_Data listing_

[Start of section]

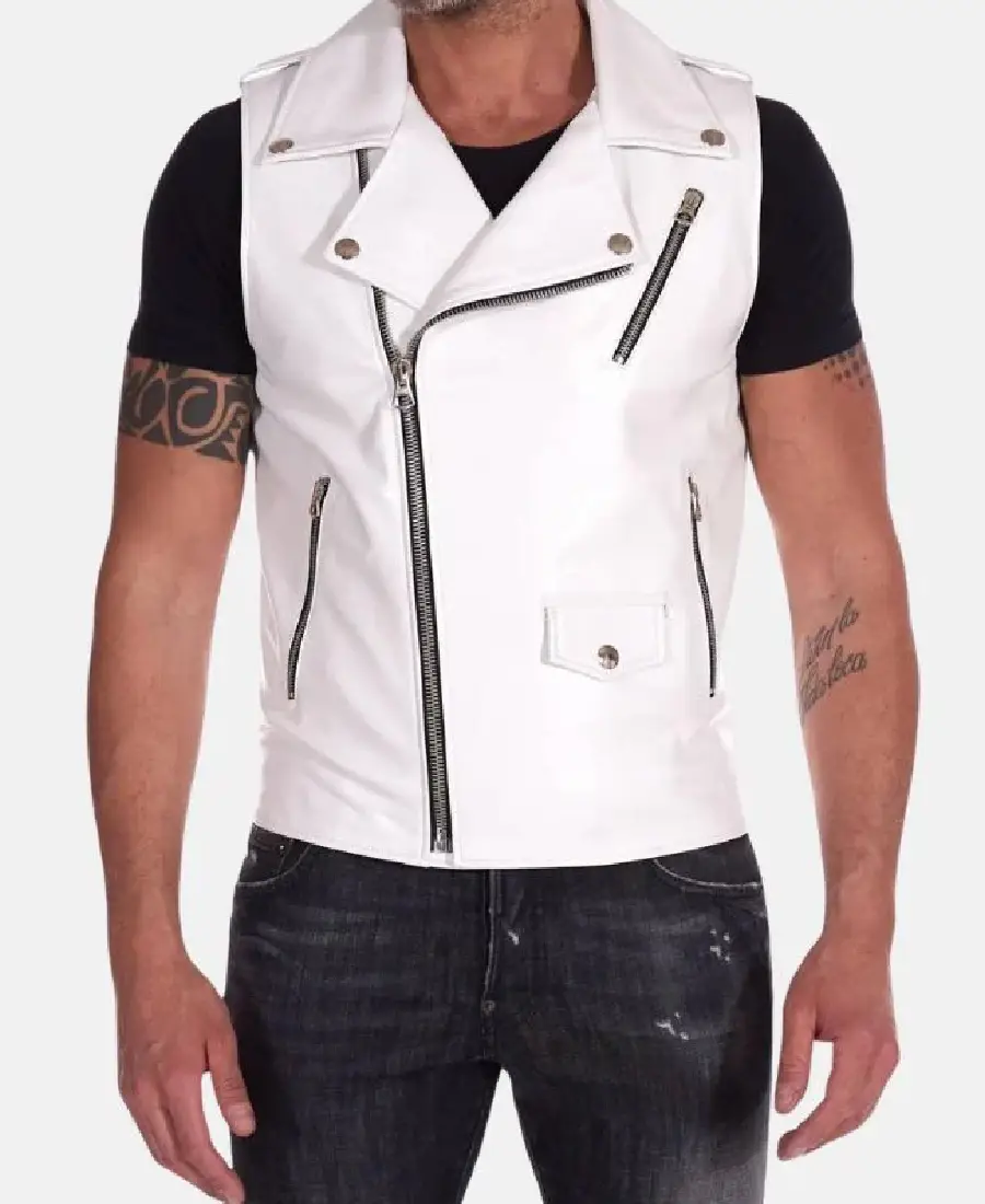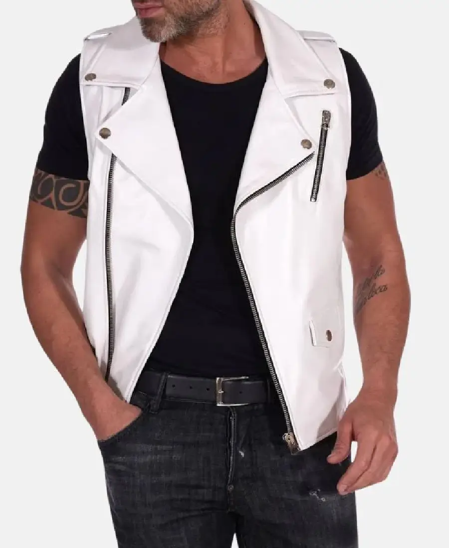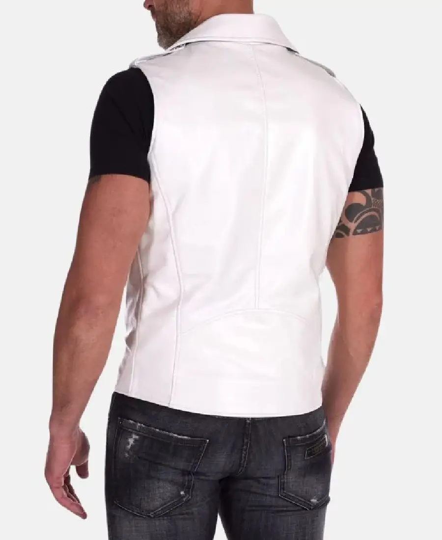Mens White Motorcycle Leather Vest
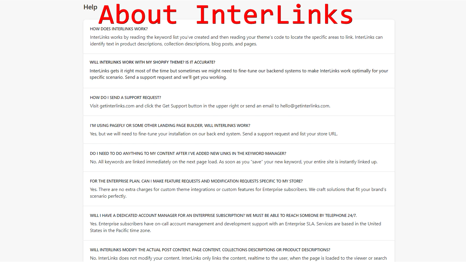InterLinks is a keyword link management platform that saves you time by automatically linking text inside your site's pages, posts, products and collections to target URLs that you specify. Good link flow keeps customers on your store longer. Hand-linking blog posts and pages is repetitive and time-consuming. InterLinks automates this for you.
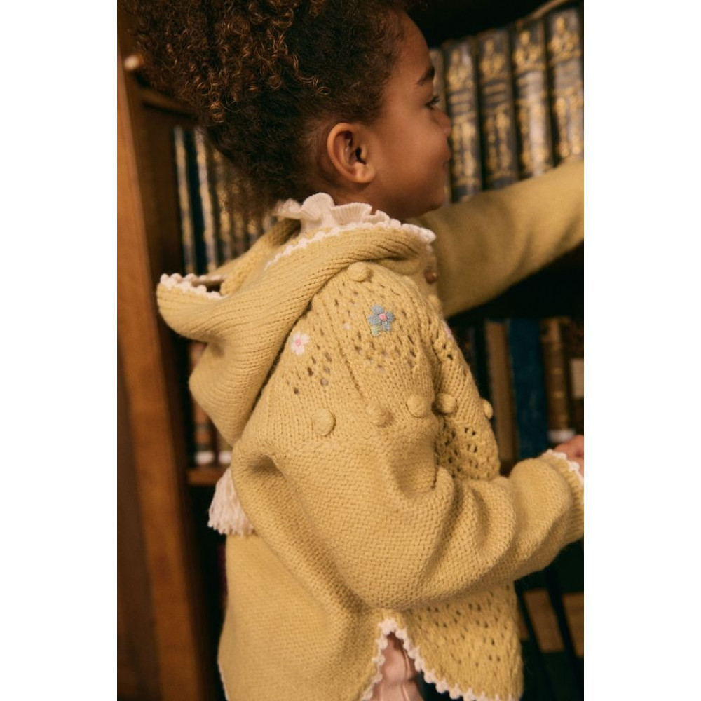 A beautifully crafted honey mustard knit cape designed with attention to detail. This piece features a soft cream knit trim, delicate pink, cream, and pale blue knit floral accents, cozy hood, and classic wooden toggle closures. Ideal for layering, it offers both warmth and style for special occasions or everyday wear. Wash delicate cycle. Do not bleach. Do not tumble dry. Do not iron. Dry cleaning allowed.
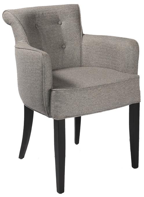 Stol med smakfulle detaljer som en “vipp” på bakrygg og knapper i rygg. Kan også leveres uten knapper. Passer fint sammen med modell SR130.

[End of section]
[Start of section]

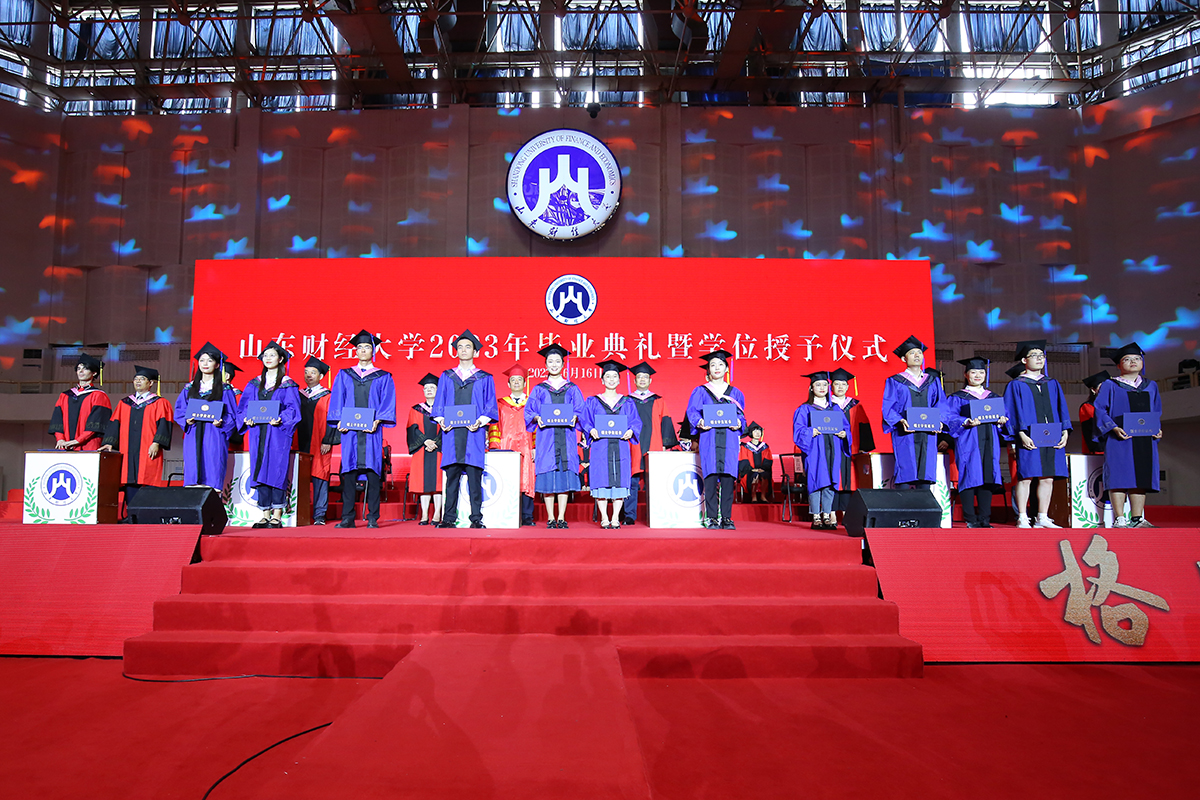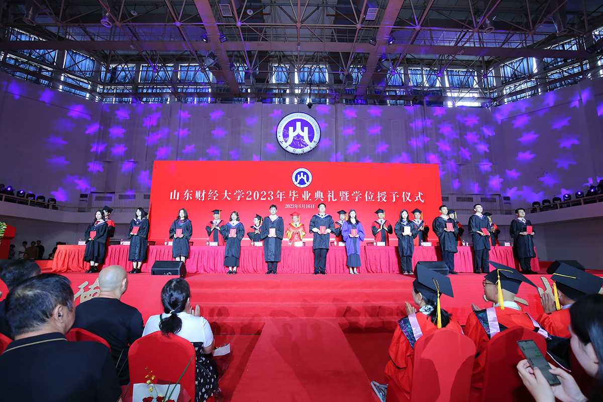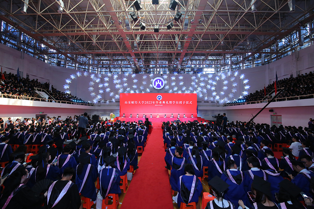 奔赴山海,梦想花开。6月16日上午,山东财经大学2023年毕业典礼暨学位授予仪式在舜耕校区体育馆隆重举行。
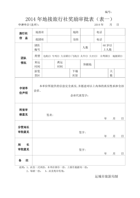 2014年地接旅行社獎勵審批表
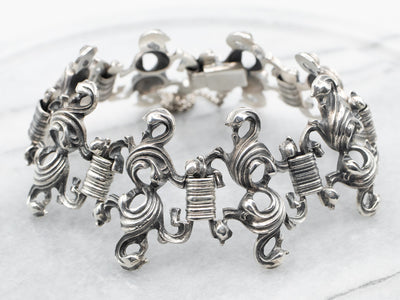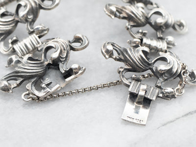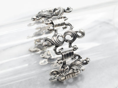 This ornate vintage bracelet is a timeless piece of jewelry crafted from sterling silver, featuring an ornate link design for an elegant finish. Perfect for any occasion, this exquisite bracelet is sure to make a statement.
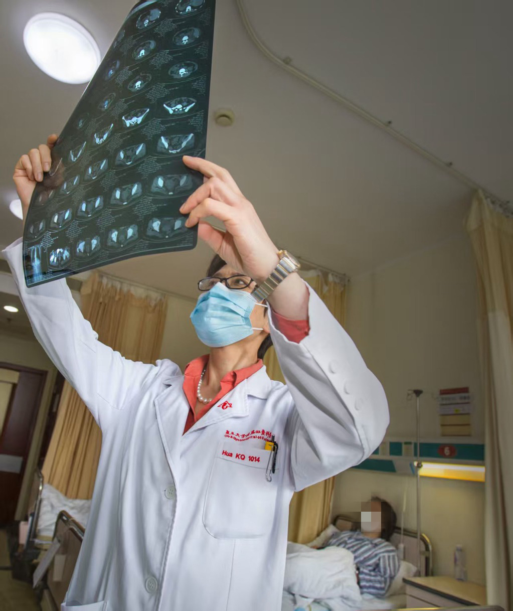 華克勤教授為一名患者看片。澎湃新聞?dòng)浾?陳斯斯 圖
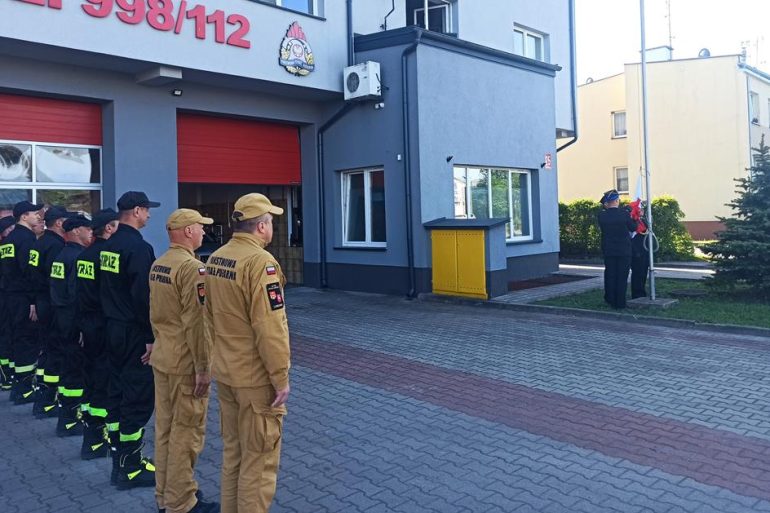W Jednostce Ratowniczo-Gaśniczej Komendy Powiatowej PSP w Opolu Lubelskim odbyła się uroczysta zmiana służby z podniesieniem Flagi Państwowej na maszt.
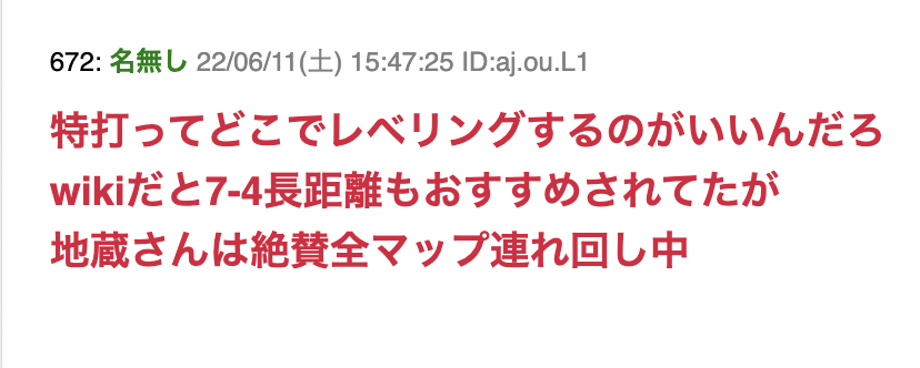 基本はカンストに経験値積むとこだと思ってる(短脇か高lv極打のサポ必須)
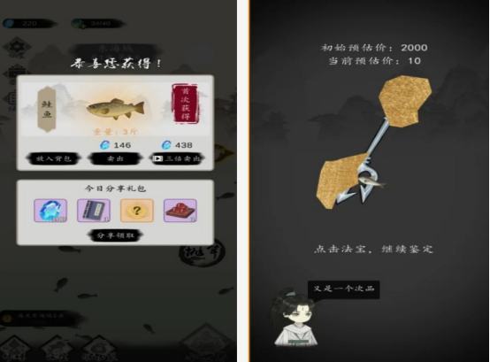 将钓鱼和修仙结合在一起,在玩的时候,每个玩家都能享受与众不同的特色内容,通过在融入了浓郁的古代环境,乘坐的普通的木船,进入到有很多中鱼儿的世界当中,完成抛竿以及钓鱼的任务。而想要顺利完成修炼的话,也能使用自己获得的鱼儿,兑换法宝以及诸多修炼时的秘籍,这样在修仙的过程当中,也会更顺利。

[End of section]

_Task_
An exact copy of the lines above from the one with "奔赴山海,梦想花开。6月16" up to and including the one with "2014年地接旅行社獎勵審批表" is required; reproduce only those lines, omitting all pictures.

_Result of this task_
 奔赴山海,梦想花开。6月16日上午,山东财经大学2023年毕业典礼暨学位授予仪式在舜耕校区体育馆隆重举行。
 2014年地接旅行社獎勵審批表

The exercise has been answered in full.